The end has come again.
In a manner that is surface-level similar to any observer, the 2020 season draws to a close for the Magic much as the previous campaign did, with a five-game series loss in the opening round of the NBA playoffs. The more things change, the more they stay the same.
After stealing the opener from their more-fancied opponent Orlando were outscored by a cumulative 58 points over the final four contests, losing in a remarkably consistent fashion: 15 points, 14 points, 15 points, and then yesterday again by 14. But this series was a closer affair than the corresponding games against Toronto last year, with the Magic making the Bucks genuinely sweat on a handful of occasions. This extended to Game Five, which featured a deficit that at one stage peaked above 20 cut to just a single bucket with minutes to play.
However, it wasn’t to be. Injuries and the talent deficit once again caught up with Orlando who, despite demonstrating a resolve that simply never emerged last year, were ultimately unable to stop Milwaukee from imposing their will on the final scoreline. When the dust settled it was a different showing but the same result, with an offseason of some uncertainty the Magic’s reward. Before we get to those discussions in the months to come though, let’s unpack how this one went down.
A broken record
The familiarity of the game’s final result was ultimately arrived at via a series of equally familiar factors. Areas exposed as a weakness throughout the series remained so yesterday, with neither the necessary execution or unforeseen adjustment arriving in time to flip the outcome for Orlando.
The Magic have generally been solid in terms of ball control during this series, regularly finishing games with less turnovers than the opposition and maintaining numbers roughly in line with their very good season averages. However, against the Bucks they’ve been undone by untimely sequences of carelessness, an ill-afforded circumstance considering the already thin margin for error against a talented foe. Game Five was, unfortunately, no different.
Orlando finished the night with just 11 turnovers, a more than respectable number against one of the league’s most disruptive and stingy defenses. It’s when one more closely examines these giveaways in the flow of the game, though, that their obstructive nature can be seen. The Magic failed to reach the end of 6 separate possessions in the first quarter, including an unconscionable 5 in the first 5:38 of game time alone. These miscues allowed the Bucks to double-up Orlando early, jumping out to a 7 point lead despite cold shooting and turnovers of their own. It’s a particularly meaningful observation in light of the fact that this was a game in which, outside of the opening basket, the Magic never led. The hole was dug early.
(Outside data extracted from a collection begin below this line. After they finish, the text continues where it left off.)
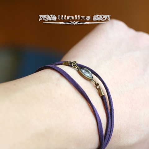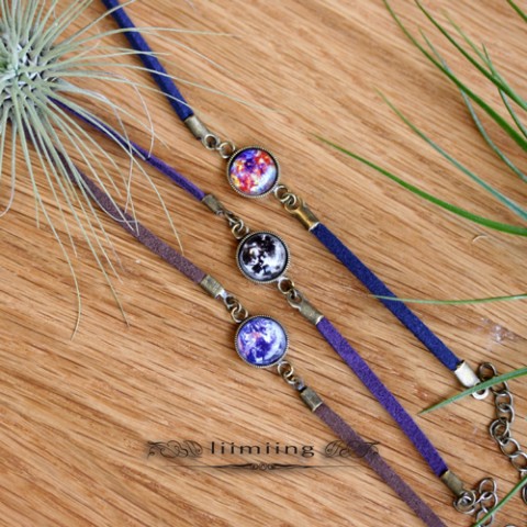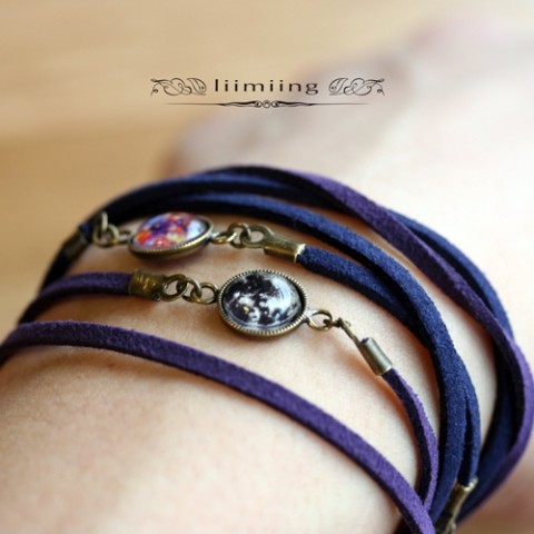 金古美とアンティークガラスのような惑星石の相性が良く、フェイクスウェードで装着する為男女問わず合わせることができるようになっています。
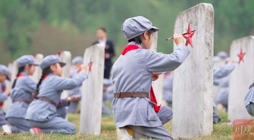 沙溪镇中心小学学生为无名烈士纪念园墓碑上的五角星描红
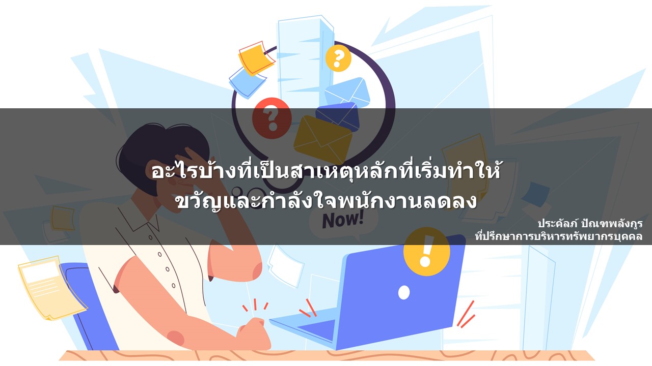 จากที่ได้ทำวิจัยเล็กๆ กับลูกค้าที่ผมไปบรรยายด้วย และลูกค้าที่ได้เข้าไปทำระบบเกี่ยวกับการบริหารทรัพยากรบุคคล ก็ได้สอบถามถึงปัจจัยที่ทำให้ขวัญและกำลังใจของพนักงานลดน้อยถอยลงไปว่ามีอะไรบ้าง ผลที่ออกมาก็มีดังต่อไปนี้ครับ
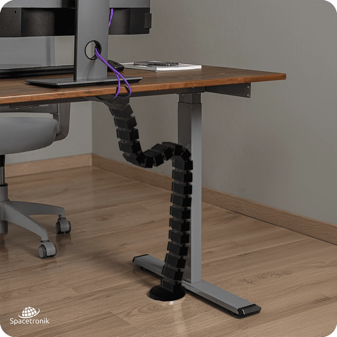 Dzięki wbudowanym magnesom w górnej części kręgosłupa oraz w połowie prowadnicy kablowej możemy ją łatwo przymocować do metalowych elementów. Przykładowo do ramy lub nogi biurka.
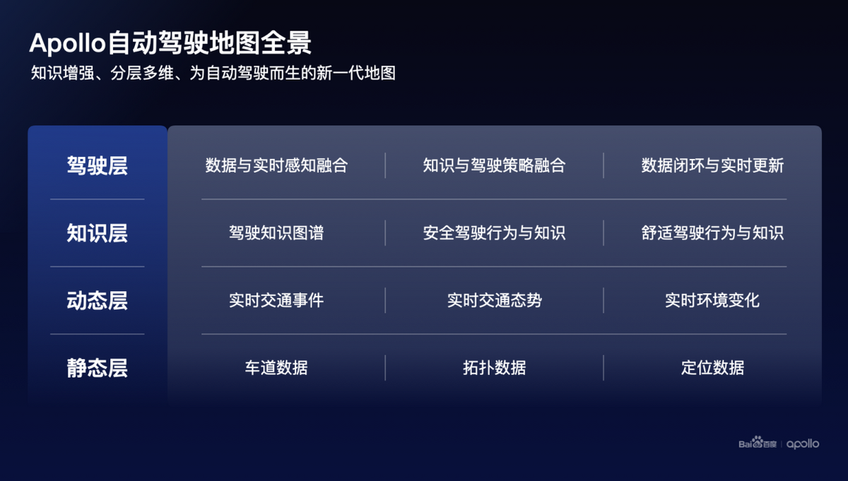 對於L4級自動駕駛而言,要達到99.99%以上的成功率,地圖是不可或缺的底層能力。百度Apollo發佈了Apollo自動駕駛地圖全景,提出知識增強、分層多維、為自動駕駛而生的新一代地圖趨勢。目前,百度高精地圖構建自動化率已達到96%,大幅解決了應用成本高的問題。同時,為保障高安全性,Apollo 自動駕駛地圖融合車端感知數據與多源地圖,即時生成在線地圖,滿足自動駕駛過程中即時更新的需求,確保自動駕駛安全。
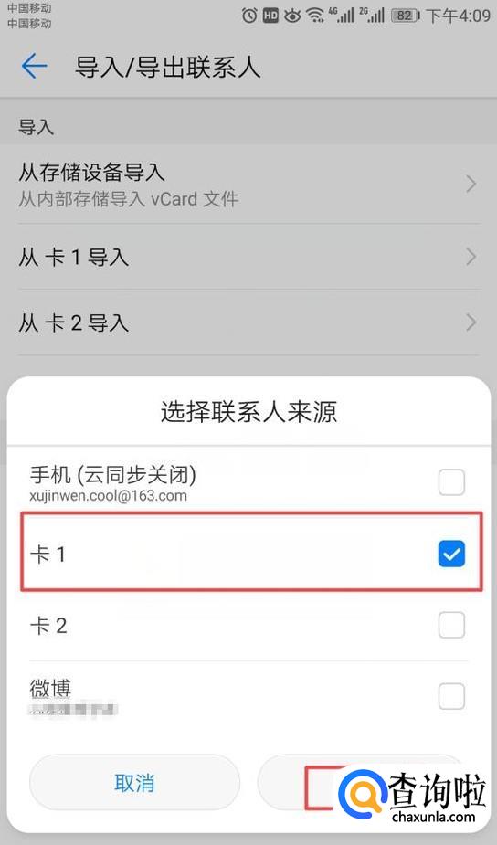 弹出的界面,我们点击卡1,然后我们点击确定就可以了。
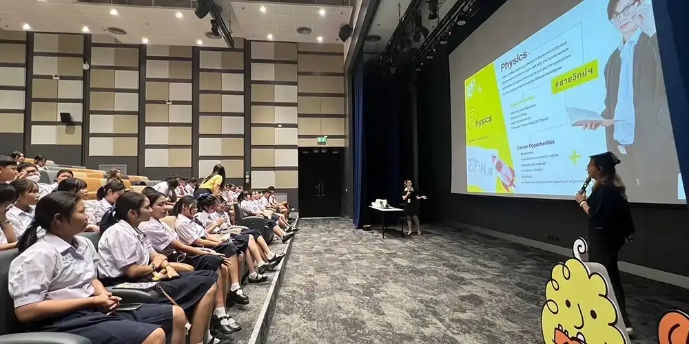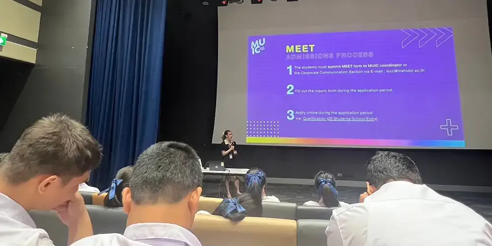 MUIC staff members and representatives from the academic divisions met the students at the Screening Room, Room A556 in Aditayathorn Building, where the high school students learned much about MUIC’s international programs and admissions procedure which will be helpful for their plans to apply for university. There was also a Q & A session at the end.
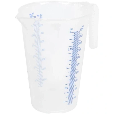 ManoManoGeneral description Translucent polypropylene measuring jug with an easy-to-read scale for accurate measurement (±1%). Technical specifications Material: Translucent polypropylene Capacity: 2L Model No.: JT2000 Nett Weight: 0.17kg Measurement accuracy: ±1% Other information
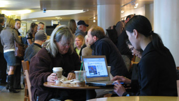 Alicia Kingston la incontriamo seduta poco più in là sempre nello stesso StarBucks: al momento lavora part time al Museo di Arte Moderna qui a San Francisco e sfoggia un cappellino di sostegno a a Barack Obama: anche lei ha un Sony, più leggero di quello di Fusako, è il modello di confronto mostrato da Steve Jobs durante il keynote.
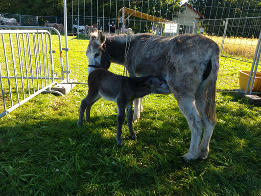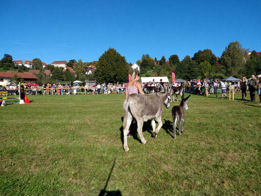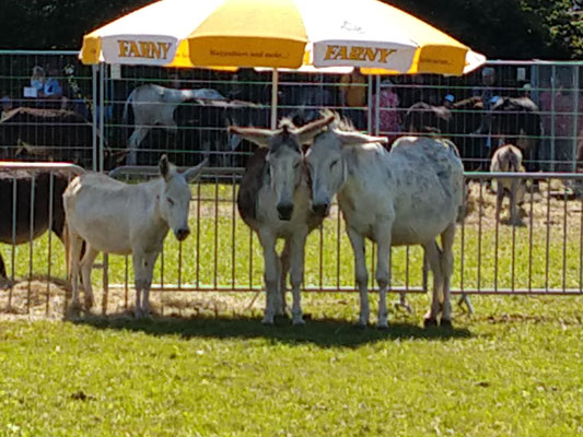 Bei herrlichem Wetter wurden tausenden Besuchern die Welt der Esel näher gebracht und erklärt. Mittlereweile sind unsere Enkel in dem Alter, dass sie alleine die Esel durch den Ring führen (stolze Oma :-). Bei der Fohlenschau wurde dann der 1. Platz mit "Pirelli" belegt. Und selbst unsere erwachsenen Kinder haben uns besucht und mitgeholfen, dass mich ganz besonders gefreut hat! Vielleicht springt das "Eselfieber" doch noch über.. ;-)
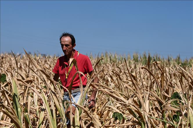 Một cánh đồng ngô bị khô hạn tại Spino d'Adda, Italy ngày 11-7-2022. Ảnh: AFP/TTXVN
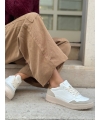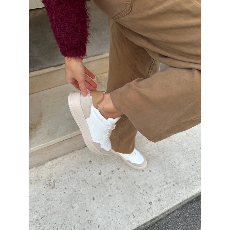 Sneakers vegan in mais bianche con talloncino nocciola e inserti beige effetto scamosciato
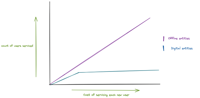 传统上,对于一个贷款人来说,向一万个用户发放贷款,这意味着按比例雇用信用评估人员。比如说1:100,假设信用评估员的效率高得惊人。当数字银行出现时,AML/KYC和分销功能呈指数级增长,减少了花费在上面的时间,使数字平台可以用较小的团队进行扩展。随着用户群的扩大,为每个新用户提供服务所产生的成本也会减少。
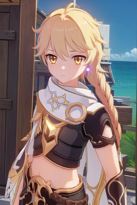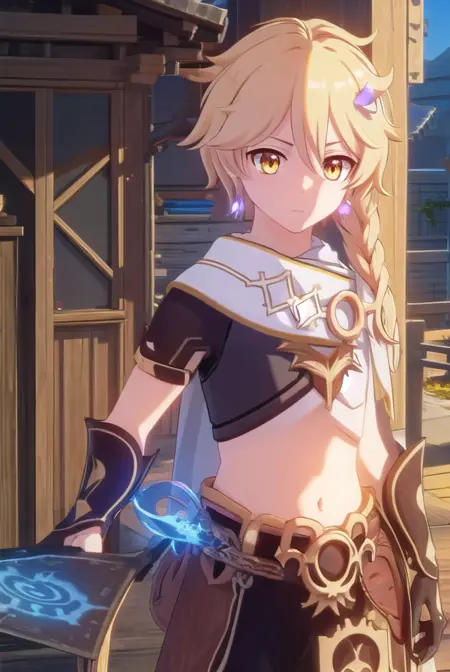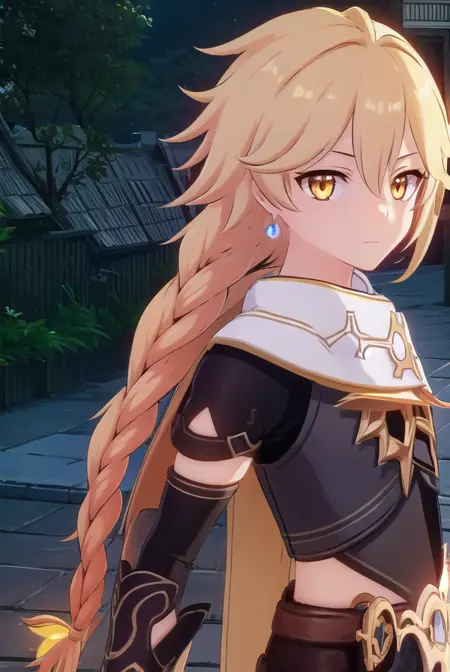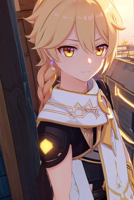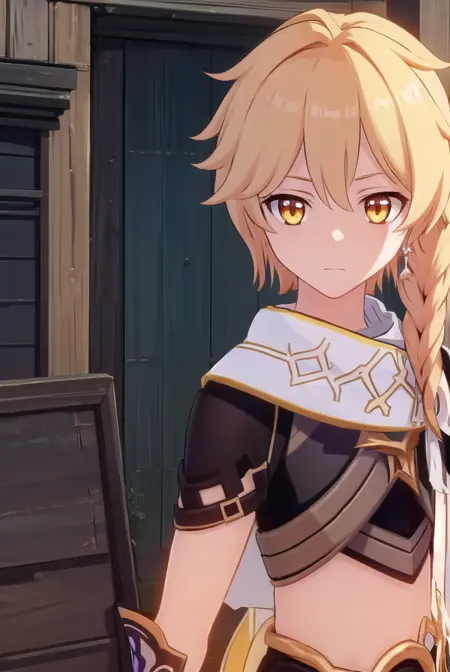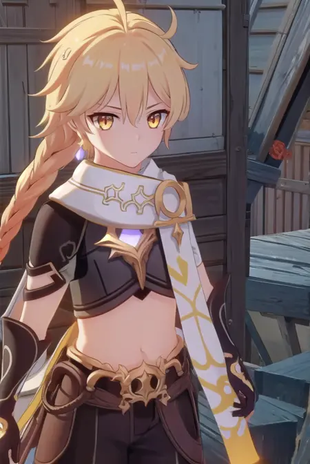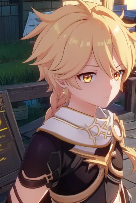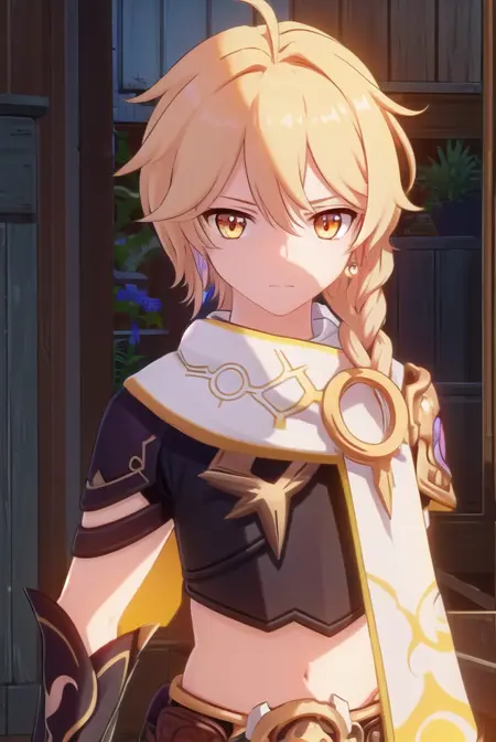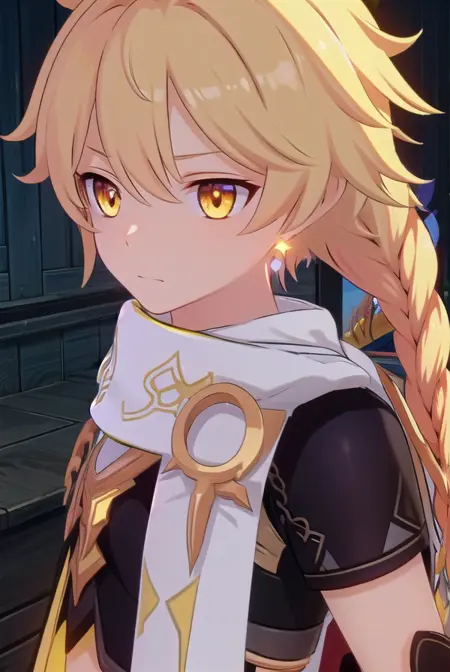 aether、長い髪、前髪、金髪、目の間に髪、(黄色い目:1.3)、編み髪、男性を中心に、単一の編み髪、
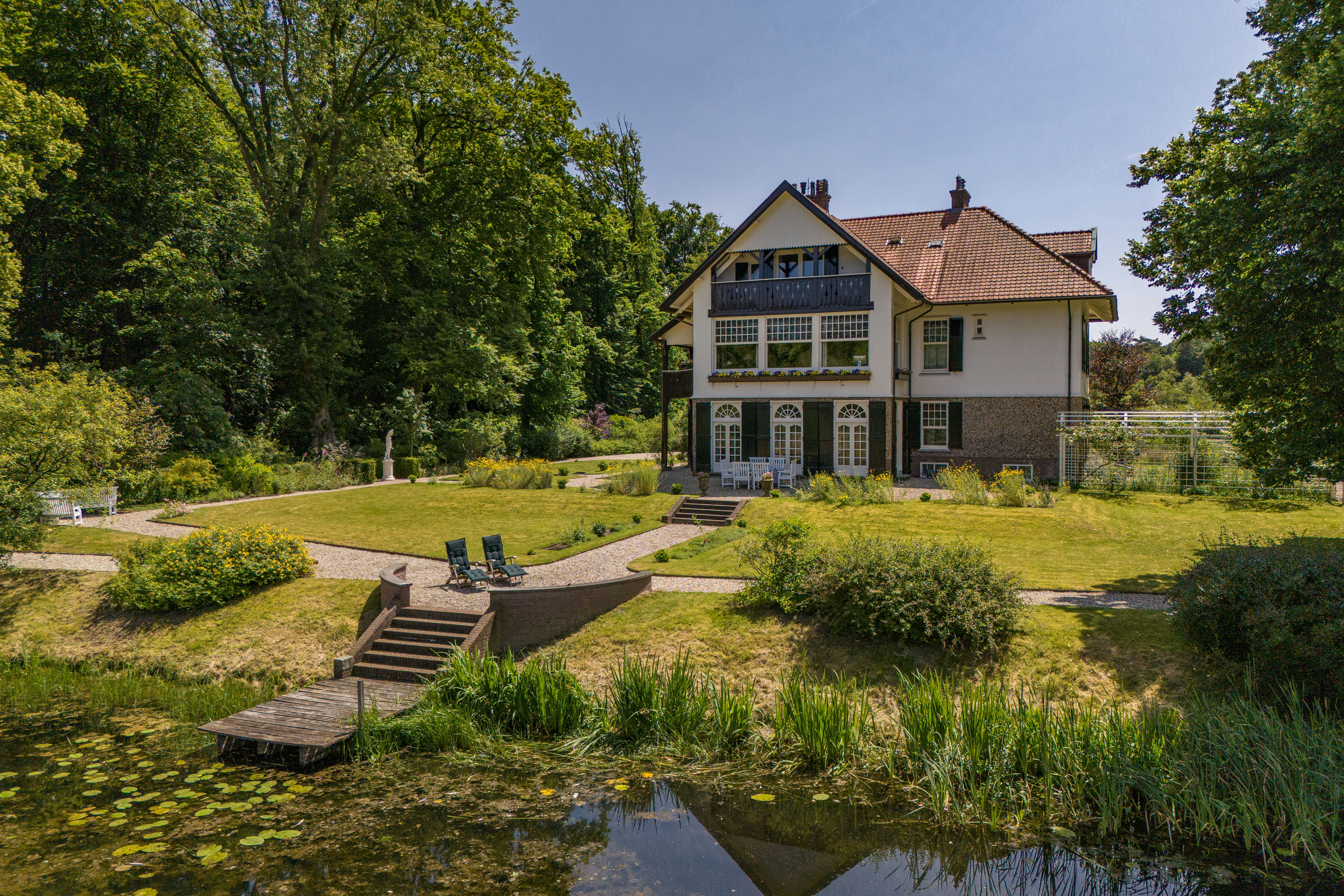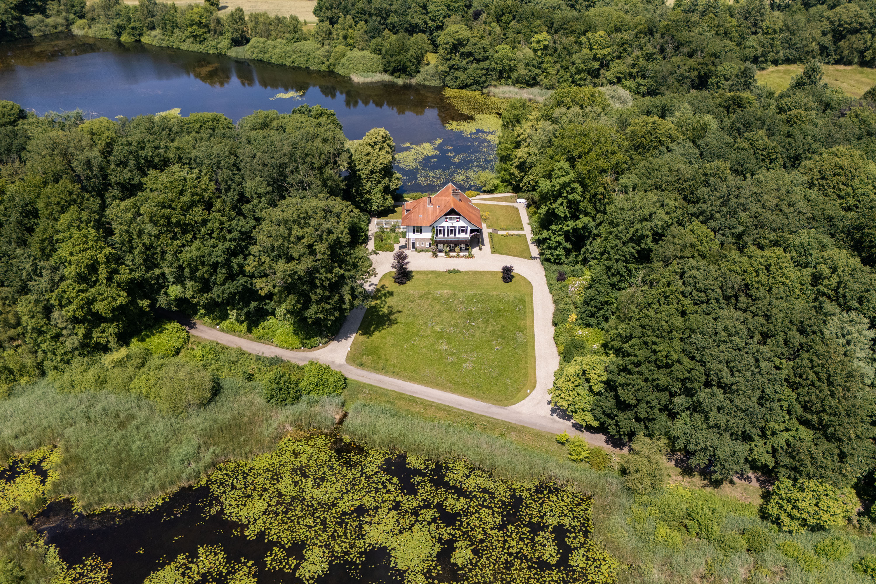 Villa Deurningen to historyczna posiadłość wpisana na listę zabytków, położona na 2,38 ha angielskich ogrodów krajobrazowych, oferująca wyrafinowany styl życia pomiędzy dwoma jeziorami w jednym z najbardziej chronionych rezerwatów przyrody Twente. Powierzchnia mieszkalna wynosi 370 m²; willa została zaprojektowana w 1901 roku przez architekta Karela J. Mullera, uznanego za twórcę dziedzictwa architektonicznego regionu. Spokojne otoczenie z dostępem przez 500-metrowy prywatny podjazd zapewnia kameralność oraz centralne położenie w pobliżu Hengelo, Enschede i kluczowych tras komunikacyjnych.

Further exacerbating the situation was the collective shooting inaccuracy of the team during the game’s early stages, particularly from deep. Orlando opened 0-8 on three-point attempts across the first ten minutes, finishing the quarter 2-11 from beyond the arc after Wes Iwundu and Terrence Ross finally got something to go. From that point the side actually converted at almost 50% from deep (13-30), including a late flurry that got them well and truly back within striking distance. It was, however, again too late, with the damage of the contest’s early inaccuracies simply being too much to overcome. The Magic really needed to be perfect if they were going to beat the Bucks and, as the early wayward rader demonstrated, they were not.
Another area that has haunted the team throughout the series is their inability to take away the painted area. Although yesterday wasn’t quite as egregious in this regard, the interior dominance of Giannis Antetokounmpo once again reared its ugly head to contribute to the Magic’s downfall. Milwaukee’s superstar made 11 shots on the night, 8 of which came from inside the arc. Of those 8, an absurd total of 7 were the result of dunks, layups and bunnies at the rim. He owned the lane.
Giannis routinely put the ball on the floor and attacked the hoop, knifing through the above-the-break defense Orlando threw at him and marching into the paint. The Magic did a pretty sloppy job of sealing the nail, with the help defender often a step too slow on the required rotation or choosing to swipe at the ball instead of sliding the body into place. Anteteokounmpo is likely going to secure a second MVP partly because of his ability to dominate this area of the court, but Clifford’s men simply weren’t as crisp as they needed to be in this regard — particularly after having proved themselves capable of such earlier in the series.
If it seems like we’ve been dissecting the same things after many of these games it’s because we have. Milwaukee is a top seed coming into the playoffs on the back of a dominant regular season, having toppled all manner of teams this season in these exact same ways. As for Orlando’s side of the equation, they’ve long been an inconsistent outfit with some difficulty getting the ball to go into the bucket when needed.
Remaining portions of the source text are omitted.